> _Extracted records_

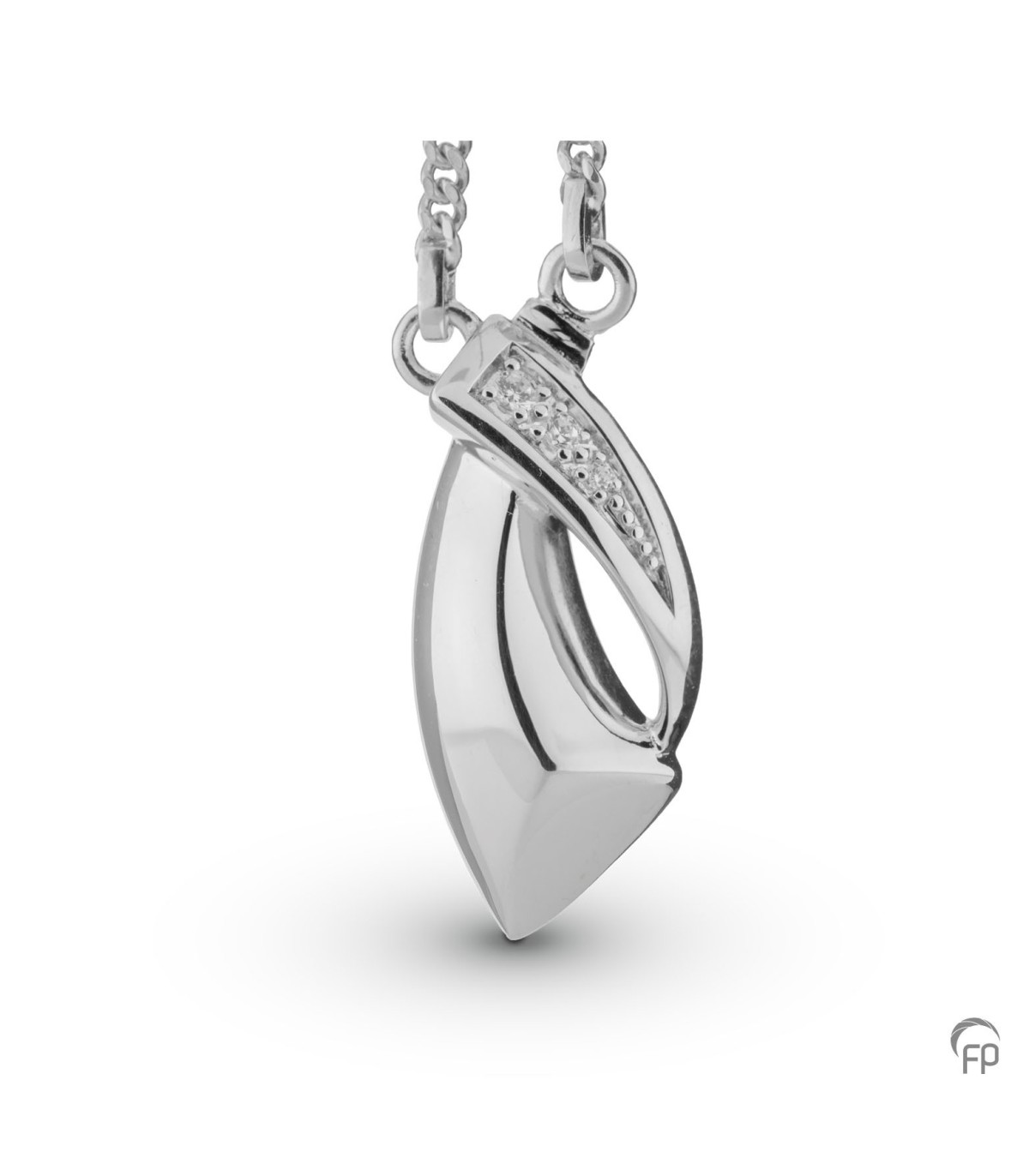 Glanzende 925 Sterling zilveren ashanger met zirkonia steentjes. Bevat een holle ruimte voor een symbolische hoeveelheid as.
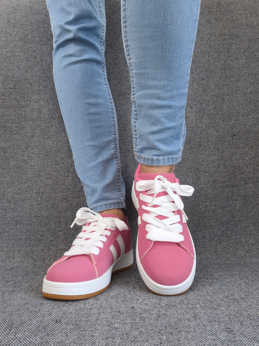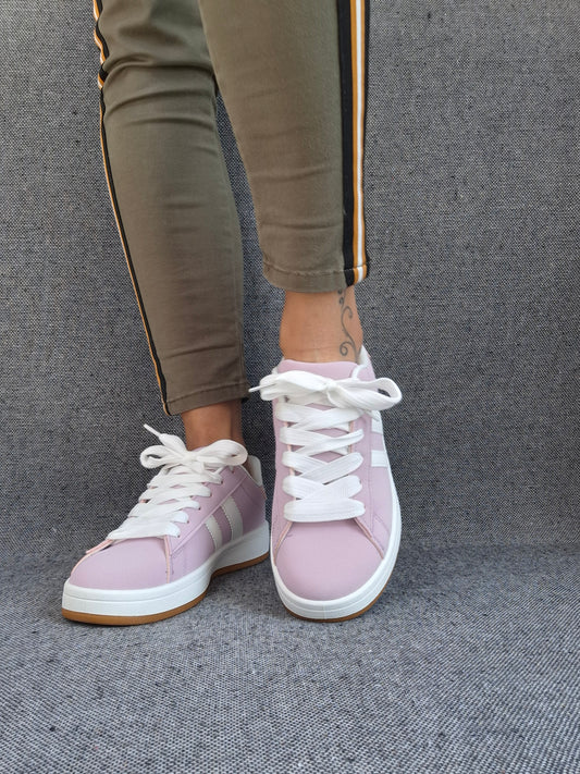 Chaussures baskets basses rose pale lilas avec bandes blanches style sneakers campus
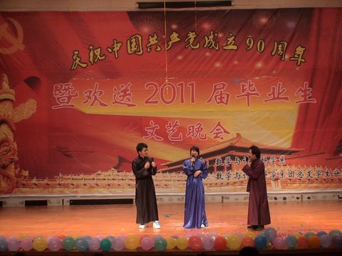 晚会节目精彩纷呈:合唱、朗诵、舞蹈、相声、小品、情景剧、双簧等各种形式的表演给现场的师生带来了一场视听盛宴。由09数一、数二班合唱的《山丹丹开花红艳艳》,赢得了全场观众的喝彩;《盛世中国》表达了莘莘学子对祖国的无限热爱;10数三班的情景剧《翻天覆地》赞美了伟大的社会主义,令现场的师生们热血澎湃;双人舞《同行》、小品《放心去飞》及《毕业生》,表达了学弟学妹们对学长学姐们的美好祝愿;引人入胜的舞蹈《青花瓷》、柔美浪漫的《送别》、活力十足的《浪漫樱花》、魅力四射肚皮舞《WAWA》,让观众大呼过瘾;由肖炜老师联合3名学生表演的相声《我们的大学》将晚会推向了高潮,赢得的欢呼声、掌声不断。
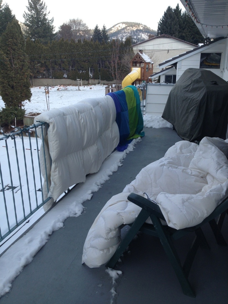 Airing out the bedding.
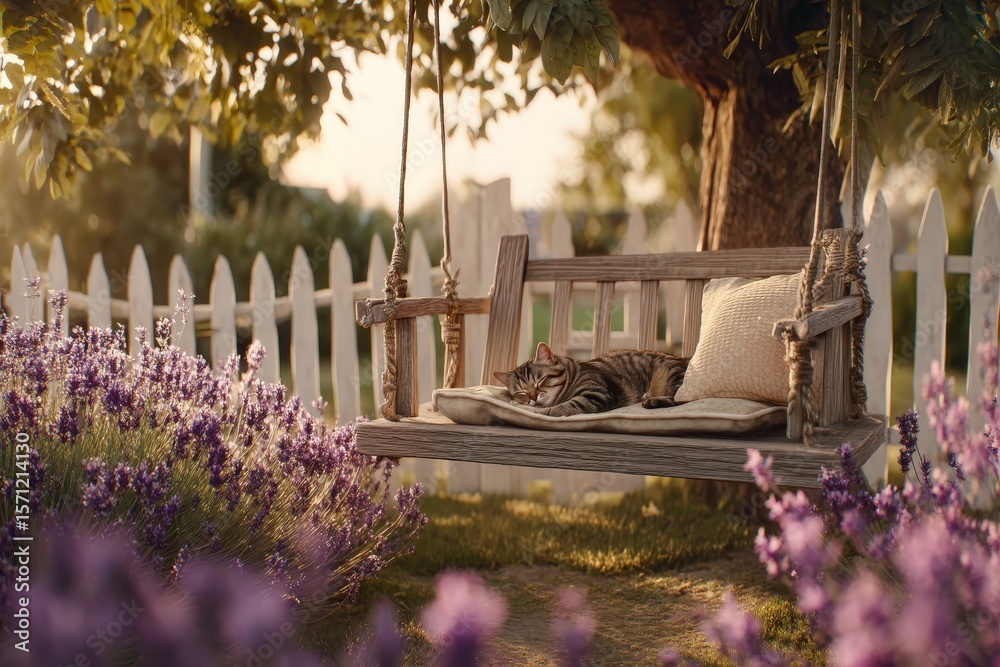 Fototapeta na wymiar - Cat relaxing on a swing in a lavender garden during golden hour.
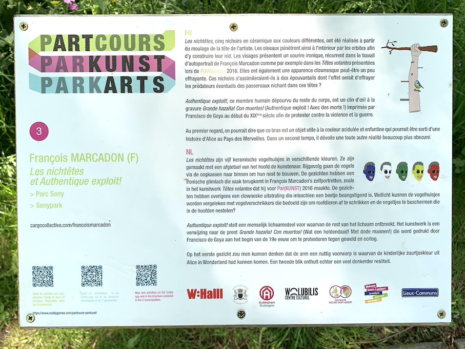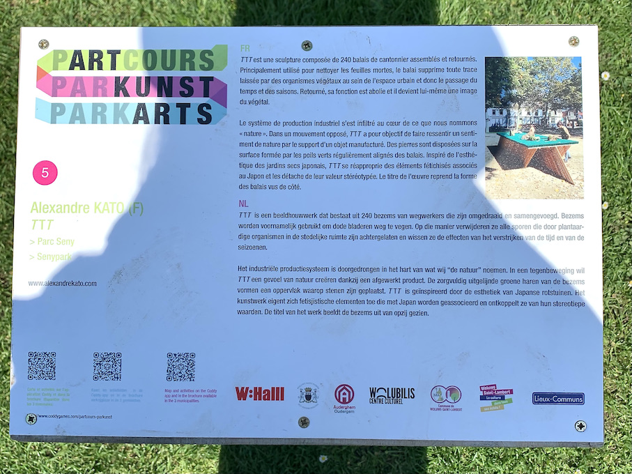 PARTCOURSなんてネーミングが言葉遊びでシャレてるじゃありませんの。しかも3ヶ国語表示でもきっちりつじつま合わせてるってのも感心。でも多分最初にフランス語で考えたんじゃないかというのは(周回)コースのparcoursに公園のparcで更にそこにアートのartを突っ込んでくるという力技(オランダ語と英語は公園とアートの2つを組み合わせておりますね)。ヤルね〜。

> _Exercise description_
Return the material above verbatim, minus the pictures.

> _Reply_
 Glanzende 925 Sterling zilveren ashanger met zirkonia steentjes. Bevat een holle ruimte voor een symbolische hoeveelheid as.
 Chaussures baskets basses rose pale lilas avec bandes blanches style sneakers campus
 晚会节目精彩纷呈:合唱、朗诵、舞蹈、相声、小品、情景剧、双簧等各种形式的表演给现场的师生带来了一场视听盛宴。由09数一、数二班合唱的《山丹丹开花红艳艳》,赢得了全场观众的喝彩;《盛世中国》表达了莘莘学子对祖国的无限热爱;10数三班的情景剧《翻天覆地》赞美了伟大的社会主义,令现场的师生们热血澎湃;双人舞《同行》、小品《放心去飞》及《毕业生》,表达了学弟学妹们对学长学姐们的美好祝愿;引人入胜的舞蹈《青花瓷》、柔美浪漫的《送别》、活力十足的《浪漫樱花》、魅力四射肚皮舞《WAWA》,让观众大呼过瘾;由肖炜老师联合3名学生表演的相声《我们的大学》将晚会推向了高潮,赢得的欢呼声、掌声不断。
 Airing out the bedding.
 Fototapeta na wymiar - Cat relaxing on a swing in a lavender garden during golden hour.
 PARTCOURSなんてネーミングが言葉遊びでシャレてるじゃありませんの。しかも3ヶ国語表示でもきっちりつじつま合わせてるってのも感心。でも多分最初にフランス語で考えたんじゃないかというのは(周回)コースのparcoursに公園のparcで更にそこにアートのartを突っ込んでくるという力技(オランダ語と英語は公園とアートの2つを組み合わせておりますね)。ヤルね〜。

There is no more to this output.